Изменить размер шрифта - +
И еще много всякого про организм. Все эти незатейливые житейские подробности, привлекавшие мое профессиональное внимание, вызывали только скуку (а иногда и раздражение) у остальной части аудитории, относящейся к тому, что называется творчеством, совершенно иначе. Взять хоть Ангиашвили, пожилого русского эмигранта, писавшего по-грузински, а потом при помощи пасынка переводившего на английский нечто несусветное под названием «Антология похабства». Этим во всех смыслах похабным сочинением они намеревались осчастливить журнал «Плейбой» — в самом крайнем случае, какое-нибудь более мелкое подобное издание. Был еще Тодд, полисмен, который не мог связать на бумаге и пары сотен слов без того, чтобы не спустить ту или иную субстанцию в сточную канаву (кровь, мочу, обед, съеденный в кафе «Сержант Дарлинг»); ему страшно нравились концовки рассказов О’Генри (мне — нет, из-за чего возникали шумные споры). Была миссис Корбетт, та самая чернокожая особа, она работала делопроизводителем в административно-хозяйственном отделе мэрии, а по вечерам писала мечтательные рассказы про то, о чем и мечтать не могла; в них ухоженная колли с блестящей шерстью резвилась, как девочка, на заснеженных полях, молочно-белым ковром окружавших ферму в Миннесоте. Был Шоу, отставной газетчик. «Тут Макси Тому и говорит», — небрежно повествовал он о встрече Перкинса с Вулфом, всем видом намекая на свое присутствие при этой беседе. Был, наконец, некто Верц; отрешенно сидя в последнем ряду, он неотрывно смотрел на преподавателя холодными глазами оголодавшей гренландской акулы; ам!.. Одним словом, кроме меня к сочинениям Лидии хорошо относились всего лишь две наши дамы. Первую, распространявшую религиозную литературу в Хайленд-парке, привлекали «моральные уроки», которые (якобы) при внимательном чтении можно было извлечь из текстов миссис Кеттерер. Вторая, домохозяйка по фамилии Слейтер, жившая в Флоссморе, угловатая и необщительная, носила платья болотного цвета и писала кисло-сладкие рассказы, неизменно оканчивавшиеся «внезапным приливом взаимной нежности». Миссис Слейтер украшали стройные ноги; она это знала и то скрещивала их перед моими глазами, то вытягивала, плотно сжав; в обоих случаях шуршание капрона резало слух и сбивало с мысли. Ее серые глаза телепатировали: «Мне сорок лет. На мне надоевшее хозяйство и непослушные дети. По-настоящему я живу только в этой аудитории. Ответь мне внезапным приливом взаимной нежности. Я скажу тебе „да“, а мужу ничего не скажу».

Всего их было восемнадцать. Никто из них (кроме распространительницы религиозной литературы) не выкуривал за вечер меньше пачки сигарет. Они писали сочинения на оборотной стороне разноформатных бланков своих фирм и контор; приступая к проверке вдохновенных творений, я сразу узнавал, кто где работает. Они писали кто карандашом, кто чернилами самого неожиданного цвета. Они не нумеровали и даже ленились складывать по порядку страницы, нередко хранившие жирные отпечатки еды. Однажды сочинение миссис Слейтер оказалось плотно слипшимся — сын нечаянно пролил клей. Однажды склеенным оказалось сочинение мистера Верца, «гренландской акулы»; чем именно, доподлинно выяснить не удалось; по-видимому, спермой сочинителя.

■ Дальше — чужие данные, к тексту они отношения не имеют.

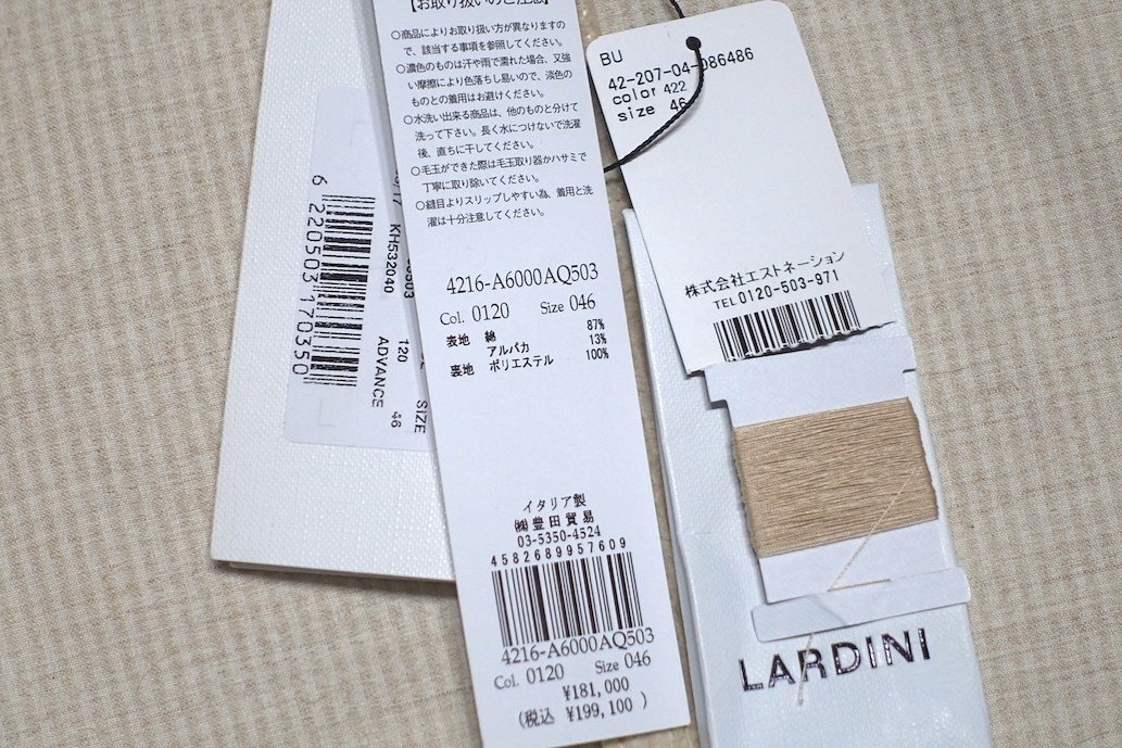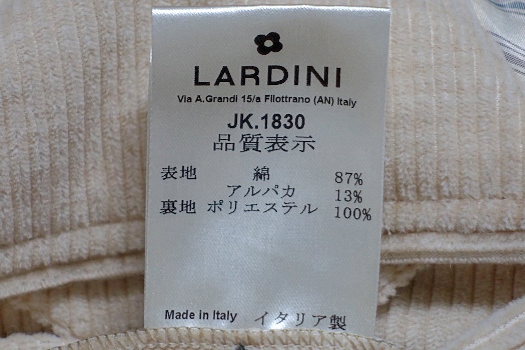 ブートニエール付 24AW 定価19.9万 極美品 LARDINI ラルディーニ ADVANCE コットンアルパカ コーデュロイ テーラードジャケット メンズ 46

Обсуждая тексты своих товарищей, мои новые ученики напрочь отметали безуспешно внушаемые преподавателем понятия о композиции, внутренней логике или правде характера. Этот тип мне нравится. А мне не нравится. Такого рода дебаты невозможно было остановить. Их участники не желали обращать внимания на художественные приемы, воспринимая персонаж с его усами, или хромотой, или южным акцентом как живого человека, соседа по дому. Это было не обсуждение, а осуждение (или оправдание). Здесь решали не проблему, а судьбу. Суд не литературный, но Страшный. Того отправим в ад, того причислим к лику святых. Чем меньше находилось оснований для серьезного разбора, тем громче и азартнее становилась полемика, выходя порой за временные и пространственные границы занятий, вообще за всякие границы.